Dokumentation (english)

AI Classification

How AI models classify data using filters

Imagine a tunnel with several filters inside it:

  1. one filter is cupboard with some holes in it
  2. one filter is a pile of pillows where you could squeeze through

Small animals like a cat can pass through all filters. Large animals like a dog cannot.

If something comes out of the tunnel, it must be small (cat → 1) If nothing comes out, it was too large (dog → 0)

This is AI classification.

The architecture defines what filters are used.

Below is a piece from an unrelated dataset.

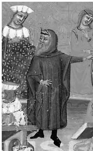
Kníže Svatopluk v Dalimilově kronice

V tomto směru nemohl Bořivoj I. franckým a velkomoravským vladařům konkurovat, avšak měl jednu nepopiratelnou výhodu. Česká kotlina byla chráněna téměř ze všech stran pásem hor, které vytvářely přirozený obranný val

Example: Classification in Code

Here is how the tunnel classifier works in code:

import torch
import torch.nn as nn

class TunnelClassifier(nn.Module):
    def __init__(self):
        super().__init__()

        # Each layer acts like a filter in the tunnel
        self.filters = nn.Sequential(
            nn.Linear(10, 8),   # first filter
            nn.ReLU(),

            nn.Linear(8, 4),    # second filter (stricter)
            nn.ReLU(),

            nn.Linear(4, 1)     # final decision
        )

    def forward(self, x):
        x = self.filters(x)
        return torch.sigmoid(x)  # output between 0 and 1

How Data Flows Through

Input data → Filter 1 → Filter 2 → Decision
  • Input (x): animal
  • Each Linear layer: a filter in the tunnel
  • ReLU: blocks values that don't fit
  • Final output:
    • close to 1 → cat
    • close to 0 → dog

If the data can pass all filters → it reaches the end → cat (1) If it fails → signal collapses → dog (0)

Example Inference

model = TunnelClassifier()

# Example animal features
cat_like = torch.rand(1, 10)   # fits filters
dog_like = torch.rand(1, 10) * 0.1  # likely blocked

print("Cat prediction:", model(cat_like).item())
print("Dog prediction:", model(dog_like).item())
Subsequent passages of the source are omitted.